If you mean the policy.29 file, certainly. You can wget it from
http://dev.gentoo.org/~swift/tmp/20140828-policy.29

Wkr,
  Sven Vermeulen

Re: SELinux Userspace Release: 20140826-rc1

[Stephen Smalley]

On 08/28/2014 04:52 PM, Sven Vermeulen wrote:
> On Thu, Aug 28, 2014 at 10:15 PM, Stephen Smalley <sds@tycho.nsa.gov> wrote:
>>> When running the semanage_migrate_script I get the following problem:
>>>
>>> Migrating from /etc/selinux/mcs/modules/active to /var/lib/selinux/mcs/active
>>> Attempting to rebuild policy from /var/lib/selinux
>>> sysnetwork: Warning: 'else' blocks in optional statements are
>>> unsupported in CIL. Dropping from output.
>>> Segmentation fault
> [...]
>> Can you provide a copy of your original policy prior to conversion?
> 
> If you mean the policy.29 file, certainly. You can wget it from
> http://dev.gentoo.org/~swift/tmp/20140828-policy.29

No, the contents of /etc/selinux/mcs.  The migration script converts the
old policy module store, not the final kernel policy file.
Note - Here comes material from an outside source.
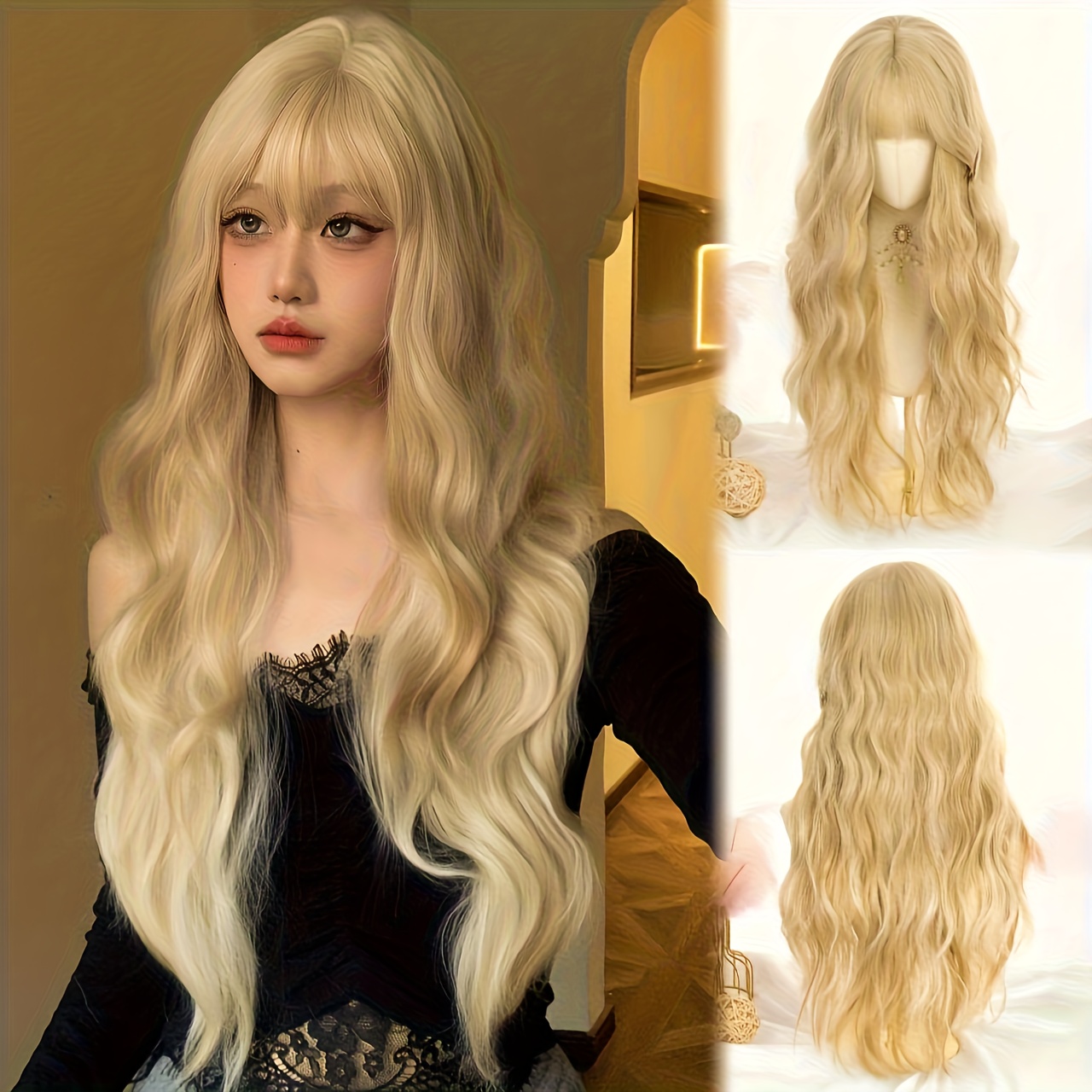 TEMU 28인치 블론드 웨이비 가발 - 앞머리 포함, 컬리 웨이브 텍스처, 내열성, 28인치 긴 길이, 파티, 일상 착용 및 크리스마스 공연용 - 모든 라이트 베이지 톤 및 인종에 적합

Re: SELinux Userspace Release: 20140826-rc1

[Steve Lawrence]

On 08/29/2014 08:11 AM, Stephen Smalley wrote:
> On 08/28/2014 04:52 PM, Sven Vermeulen wrote:
>> On Thu, Aug 28, 2014 at 10:15 PM, Stephen Smalley <sds@tycho.nsa.gov> wrote:
>>>> When running the semanage_migrate_script I get the following problem:
>>>>
>>>> Migrating from /etc/selinux/mcs/modules/active to /var/lib/selinux/mcs/active
>>>> Attempting to rebuild policy from /var/lib/selinux
>>>> sysnetwork: Warning: 'else' blocks in optional statements are
>>>> unsupported in CIL. Dropping from output.
>>>> Segmentation fault
>> [...]
>>> Can you provide a copy of your original policy prior to conversion?
>>
>> If you mean the policy.29 file, certainly. You can wget it from
>> http://dev.gentoo.org/~swift/tmp/20140828-policy.29
> 
> No, the contents of /etc/selinux/mcs.  The migration script converts the
> old policy module store, not the final kernel policy file.
> 

Hmm, I'm unable to reproduce this. I think the policy store that Stephen
mentions will be help to reproduce it.

Re: SELinux Userspace Release: 20140826-rc1

[Sven Vermeulen]

On Fri, Aug 29, 2014 at 2:56 PM, Steve Lawrence <slawrence@tresys.com> wrote:
>>>>> Segmentation fault
>>> [...]
>>>> Can you provide a copy of your original policy prior to conversion?
>>>
>>> If you mean the policy.29 file, certainly. You can wget it from
>>> http://dev.gentoo.org/~swift/tmp/20140828-policy.29
>>
>> No, the contents of /etc/selinux/mcs.  The migration script converts the
>> old policy module store, not the final kernel policy file.
>>
>
> Hmm, I'm unable to reproduce this. I think the policy store that Stephen
> mentions will be help to reproduce it.
>

Certainly.

The policy store can be found at
http://dev.gentoo.org/~swift/tmp/20140829-etc-selinux-mcs.tar.gz

Wkr,
  Sven Vermeulen

Re: SELinux Userspace Release: 20140826-rc1

[Stephen Smalley]

On 08/29/2014 10:00 AM, Sven Vermeulen wrote:
> On Fri, Aug 29, 2014 at 2:56 PM, Steve Lawrence <slawrence@tresys.com> wrote:
>>>>>> Segmentation fault
>>>> [...]
>>>>> Can you provide a copy of your original policy prior to conversion?
>>>>
>>>> If you mean the policy.29 file, certainly. You can wget it from
>>>> http://dev.gentoo.org/~swift/tmp/20140828-policy.29
>>>
>>> No, the contents of /etc/selinux/mcs.  The migration script converts the
>>> old policy module store, not the final kernel policy file.
>>>
>>
>> Hmm, I'm unable to reproduce this. I think the policy store that Stephen
>> mentions will be help to reproduce it.
>>
> 
> Certainly.
> 
> The policy store can be found at
> http://dev.gentoo.org/~swift/tmp/20140829-etc-selinux-mcs.tar.gz

Hmm...semanage_migrate_store worked for me on that policy store.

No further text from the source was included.